The resettlement will be done in phases and cannot be done in one go, the Sri lanka government said, he added.

Expressing satisfaction at the Sri Lankan government’s response to the team that had MPs from the DMK, the Congress and the VCK, Karunanidhi said the first phase of resettlement of internally displaced people (IDP) will start Thursday and will be completed in 15 days.

The MPs delegation returned here Wednesday evening after its five-day tour of the island-nation to assess the living conditions of the Tamils in the camps after Sri Lankan forces crushed the Liberation Tigers of Tamil Eelam (LTTE).

Earlier in the evening, Karunanidhi received the delegation led by T.R.Baalu of the DMK at the airport. The team briefed him on its tour.

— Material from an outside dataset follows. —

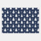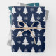 Navy, Teal & Silver Winter Christmas Tree Pattern Wrapping Paper Sheets

Karunanidhi said the MPs delegation in its meetings with the Sri Lankan president and other officials stressed the importance of sending the people living in the camps back to their original homes.

On the issue of a political solution for the more than two decades old ethnic problem, Rajapaksa did not indicate any time frame, according to the chief minister.

Karunanidhi said the state government will urge the Indian government to render more help to Sri Lanka to complete the demining of the areas so that the people remaining in the camps can be resettled at the earliest.

“The MPs team also urged the Sri Lankan government to hand over the children orphaned in the war to NGOs. The Sri Lankan government has assured that steps are being taken in this regard,” Karunanidhi said.

“The Sri Lankan government requested the MPs to get from the Indian government further assistance in the form of food items, building materials, agricultural implements,” he said.

On the issue of the Sri Lankan Navy attacking Indian fishermen, Karunanidhi said Sri Lanka has assured the MPs delegation that such attacks will not happen and has also requested the cooperation of the Indian government on this count.

Kanimozhi, a team member and Karunanidhi’s daughter, said it was not a guided tour. “There were no restrictions on us about the places to be visited and not to be visited.”